START DATASET CONTENT

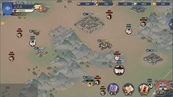 在游戏之初,我们的门派实力弱小,并且周围分布着强弱不一的各种NPC门派。此时切勿交恶各方NPC势力,理应委婉周全,方能无往而不胜。此时NPC门派会根据与玩家门派之间的好感度,进行相应的AI计算,其结果可能是善意的行为,如门派交流、货物贸易、门派任务等;当然也可能是恶意的,如上门抢劫、强行比武切磋、攻占所属资源点等;这个阶段双方之间的战争规模往往比较小,大多是两个门派之间的一些恩怨。
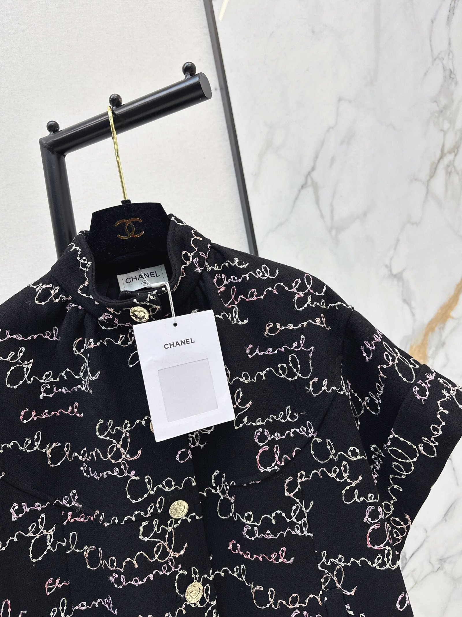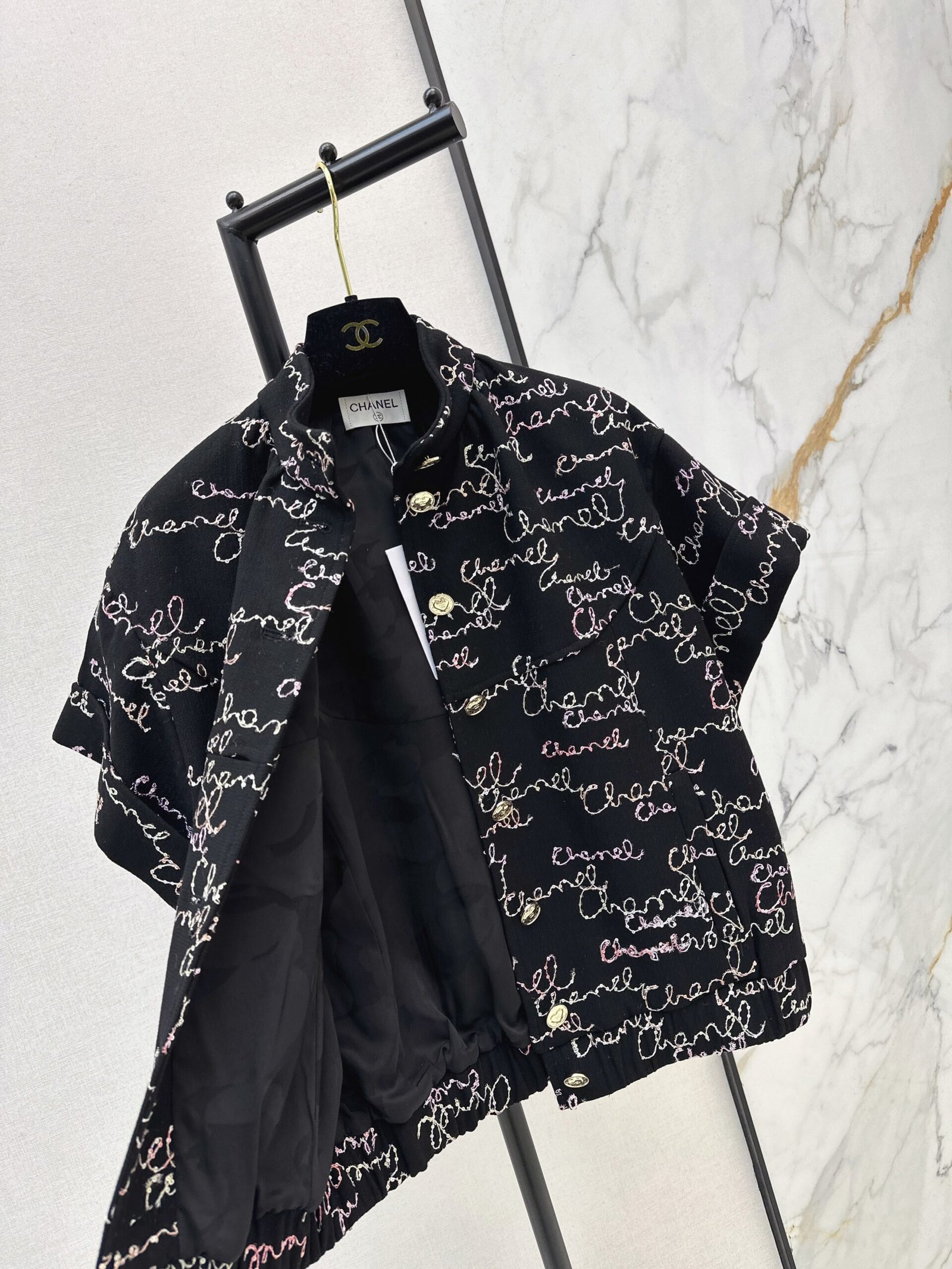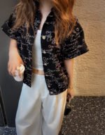 Loose-fitting silhouette, versatile and flattering for all body types. Rolled-up cuffs and elastic hem create a casual yet stylish look. Custom-designed fabric with colorful graffiti lettering and sequin embroidery for a delicate texture. A must-have for sophisticated women, this vest boasts a retro-modern, fashionable, and high-end vibe.
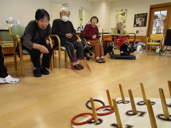 2025年03月17日(月) ひな祭り輪投げ大会~デイサービス~ お雛祭り、輪投げ大会を開催しました!! 間近で見ていただきたいくらいの白熱した試合!! 真剣そのものです(@ ̄□ ̄@;)!! 「もっと右!!」 「いやーーーーっ!!外れた!!」 など、いつもになく大きな声が飛び交います!! さあ・・・・優勝は誰の手に!?
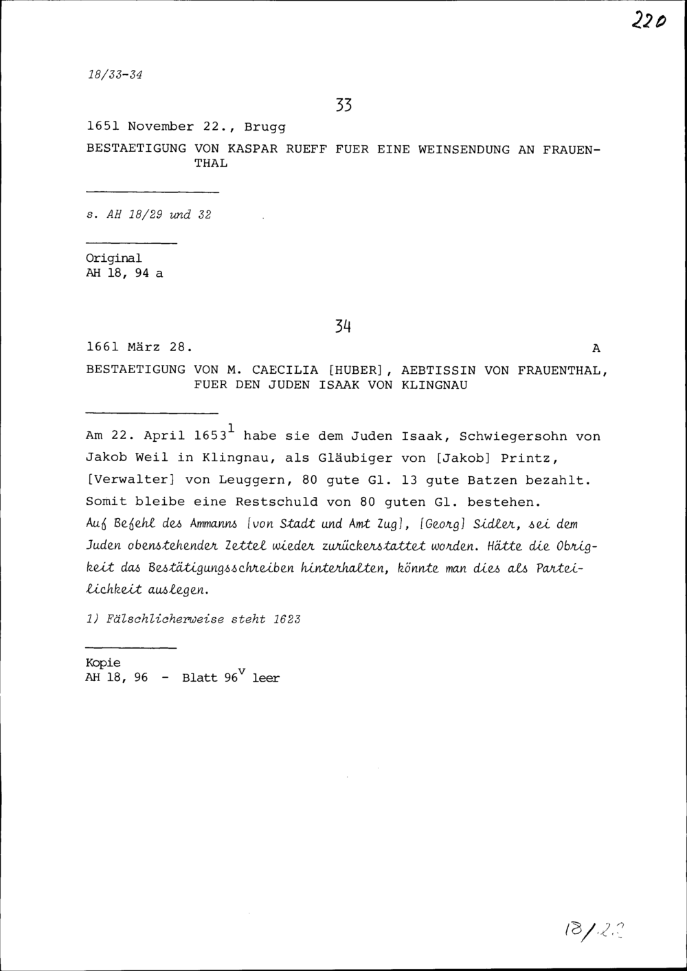Bestätigung von Maria Cäcilia Huber, Äbtissin von Frauenthal, für Isaak von Klingnau, Jude
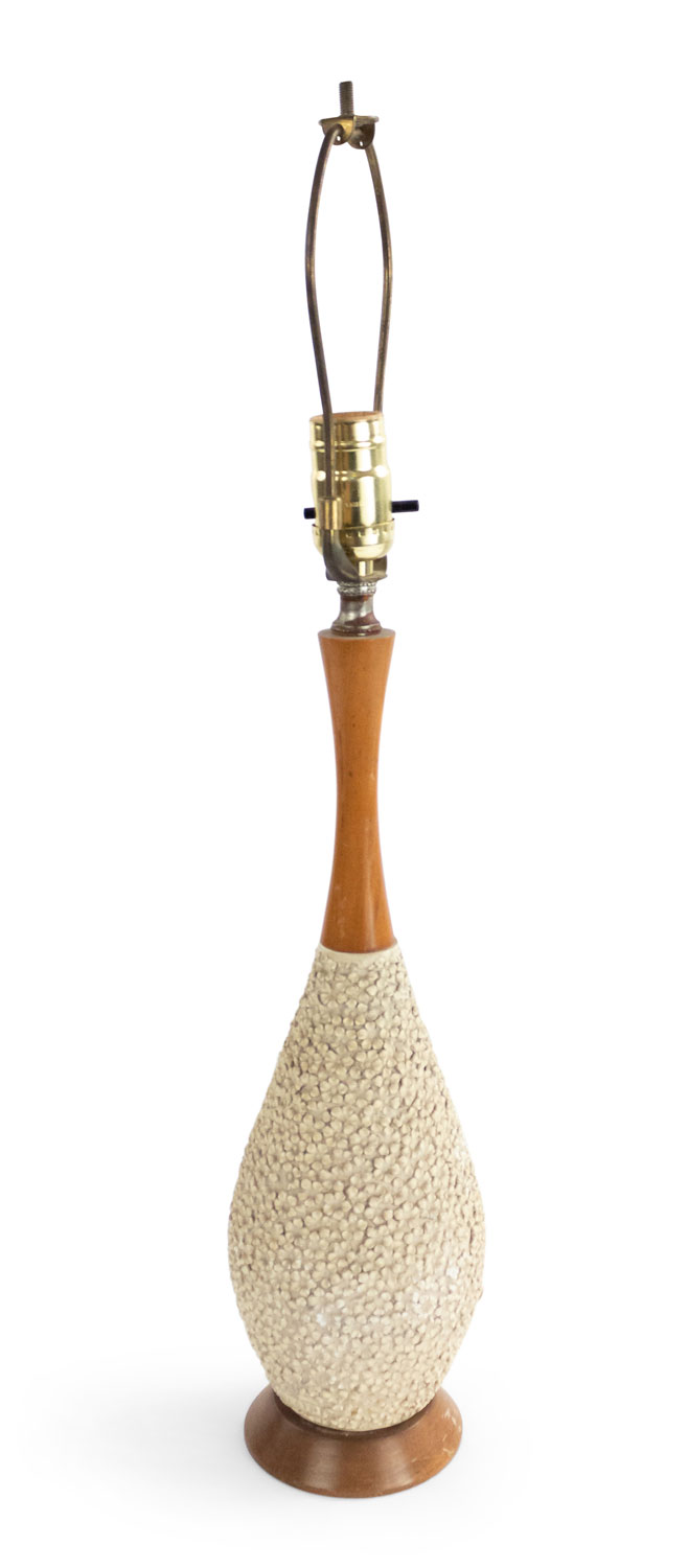 Style: Mid-Century Materials & Techniques: Porcelain, wood Category: Lighting Condition: Ships without a shade

END DATASET CONTENT

#### WHAT IS NEEDED:
All lines above are to be restated word for word, with pictures excluded.

#### FINISHED EXERCISE:
 在游戏之初,我们的门派实力弱小,并且周围分布着强弱不一的各种NPC门派。此时切勿交恶各方NPC势力,理应委婉周全,方能无往而不胜。此时NPC门派会根据与玩家门派之间的好感度,进行相应的AI计算,其结果可能是善意的行为,如门派交流、货物贸易、门派任务等;当然也可能是恶意的,如上门抢劫、强行比武切磋、攻占所属资源点等;这个阶段双方之间的战争规模往往比较小,大多是两个门派之间的一些恩怨。
 Loose-fitting silhouette, versatile and flattering for all body types. Rolled-up cuffs and elastic hem create a casual yet stylish look. Custom-designed fabric with colorful graffiti lettering and sequin embroidery for a delicate texture. A must-have for sophisticated women, this vest boasts a retro-modern, fashionable, and high-end vibe.
 2025年03月17日(月) ひな祭り輪投げ大会~デイサービス~ お雛祭り、輪投げ大会を開催しました!! 間近で見ていただきたいくらいの白熱した試合!! 真剣そのものです(@ ̄□ ̄@;)!! 「もっと右!!」 「いやーーーーっ!!外れた!!」 など、いつもになく大きな声が飛び交います!! さあ・・・・優勝は誰の手に!?
Bestätigung von Maria Cäcilia Huber, Äbtissin von Frauenthal, für Isaak von Klingnau, Jude
 Style: Mid-Century Materials & Techniques: Porcelain, wood Category: Lighting Condition: Ships without a shade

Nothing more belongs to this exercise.